## What to do
Extract only the first line of the listing and every line after it up to and including the one with "ウィンター 冬物 3381951274893318". Omit the pictures.

## Information provided
* * *

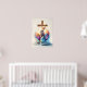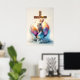Happy Easter with this cute easter bunny or rabbit, colourful easter eggs and a cross.
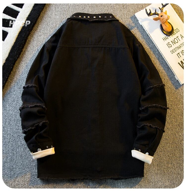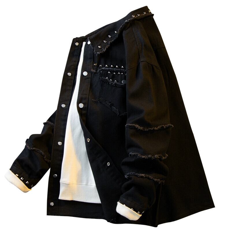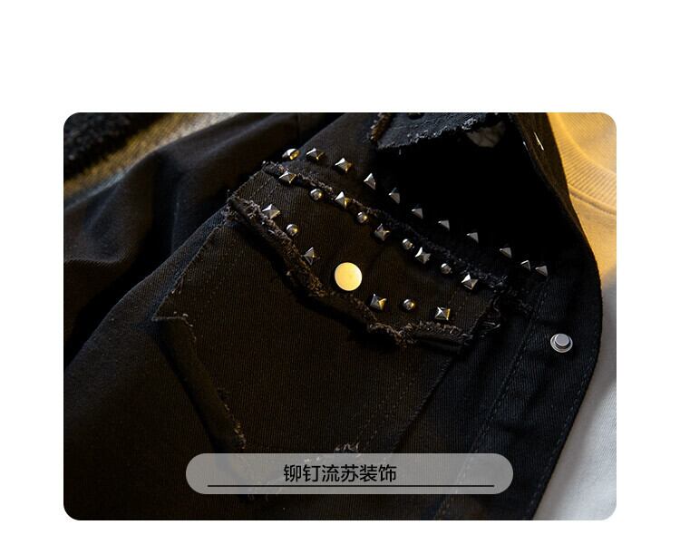 Hengpai トレンディなハイストリートパンクリベットデニムジャケットメンズ秋冬ハンサムハイエンドストリートブラックワークジャケット オータム 秋物 ウィンター 冬物 3381951274893318
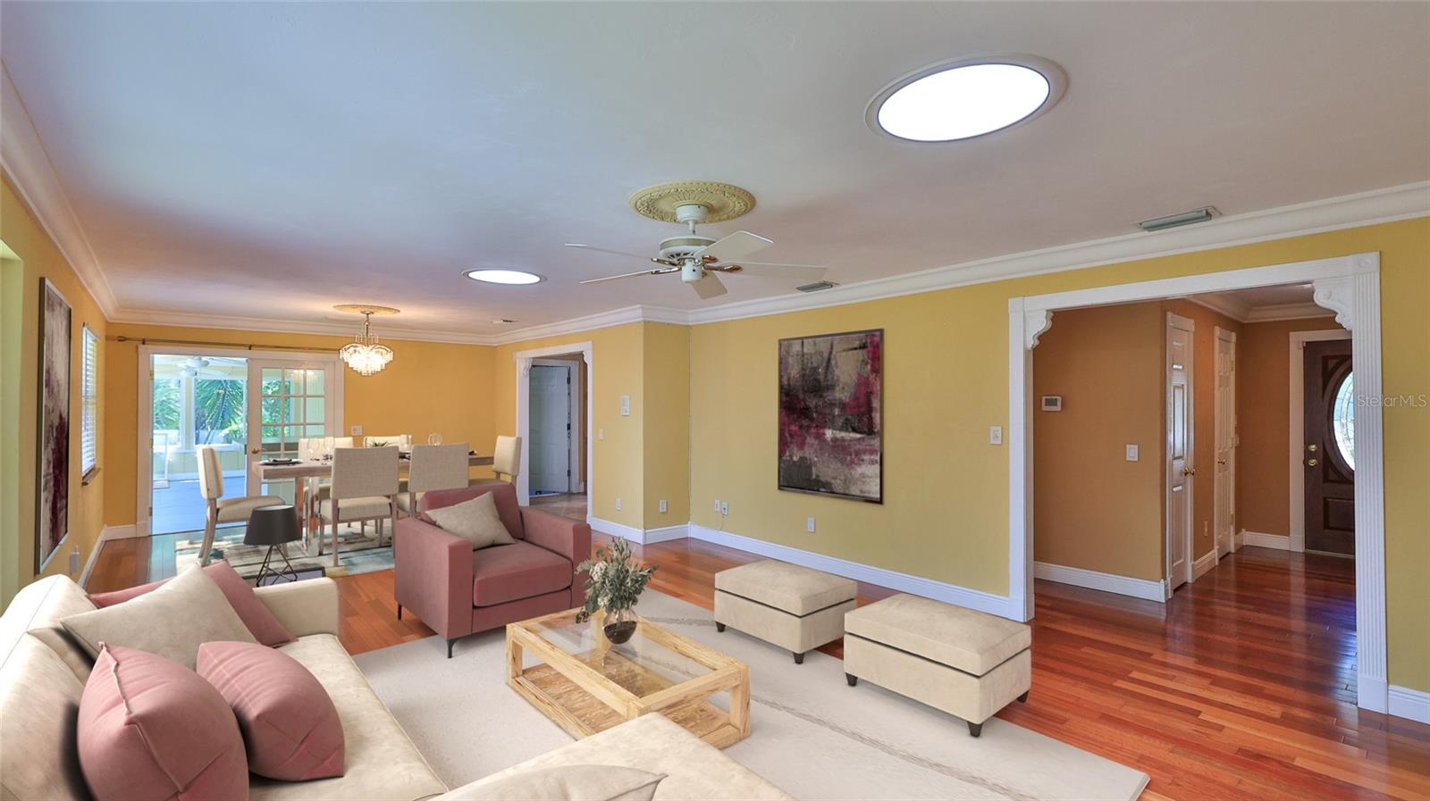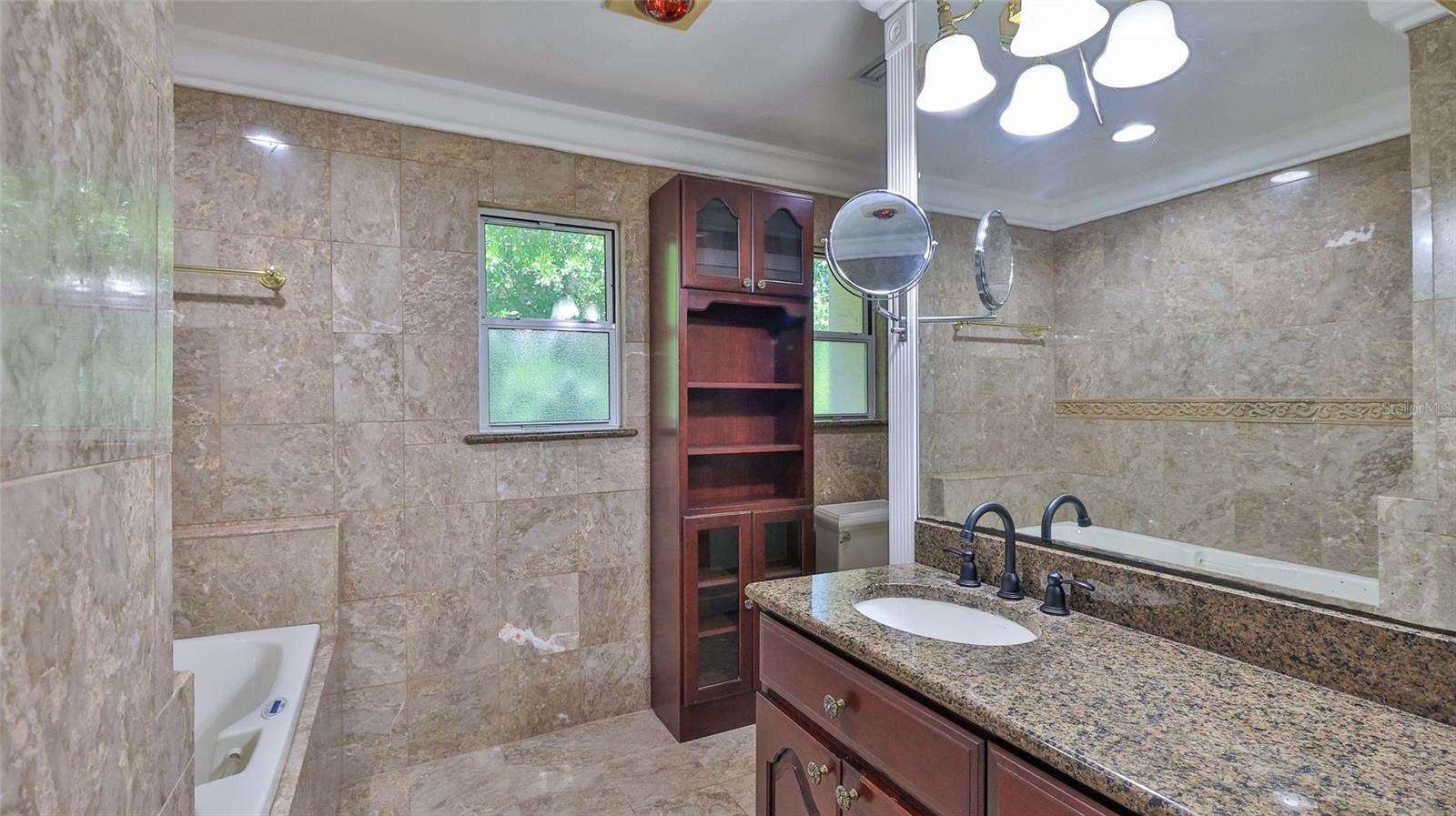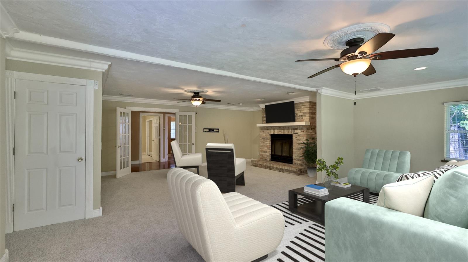 One or more photo(s) has been virtually staged. In the tranquil enclave of Spruce Creek Estates, 6221 Donna Circle presents a meticulously crafted four-bedroom, 3.5-bath residence exuding sophistication and comfort. The kitchen, a culinary haven, showcases sleek granite countertops, custom self-closing cabinetry and top-of-the-line stainless-steel appliances, including a 500-gallon propane range, double wall oven and a new refrigerator. The family room centers around a majestic brick fireplace with a motorized venting system, offering warmth and ambiance. The primary suite features a step-down private office, walk-in closet and an en-suite bath boasting a dual vanity. Bedrooms and guest rooms are adorned with freshly recarpeted floors, ensuring a cozy ambiance throughout. The lower level offers versatile living options, including an entertainment room with a large bar area and dance floor, ideal for multifamily living or as an in-law suite with its private entrance. Ample storage abounds with a two-level walk-in attic and 5-foot crawl spaces. Vinyl and wood fencing encloses the backyard, ideal for pets or children. The garage has 12-foot ceilings. The property's durability is enhanced by an impact metal roof, and six storm-rated skylights ensuring resilience and energy efficiency. Additionally, the residence boasts a host of desirable features such as marble windowsills, two HVAC systems installed in 2014 and a metal roof installed in 2013. The lower level's entertainment room with a large bar area and dance floor adds to the home's allure, while the concrete block and brick construction provide stability and longevity. On a quiet cul-de-sac, the property offers privacy and convenience, with proximity to shopping, dining and entertainment options. This exceptional residence epitomizes luxurious living in Port Orange with A-rated schools, offering a blend of elegance, functionality and enduring quality.
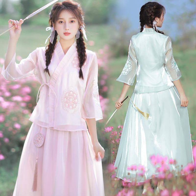 チャイナ服 普段着 斜め合わせ 刺繍トップス 七分袖 zh362

* * *

## Answer section
Happy Easter with this cute easter bunny or rabbit, colourful easter eggs and a cross.
 Hengpai トレンディなハイストリートパンクリベットデニムジャケットメンズ秋冬ハンサムハイエンドストリートブラックワークジャケット オータム 秋物 ウィンター 冬物 3381951274893318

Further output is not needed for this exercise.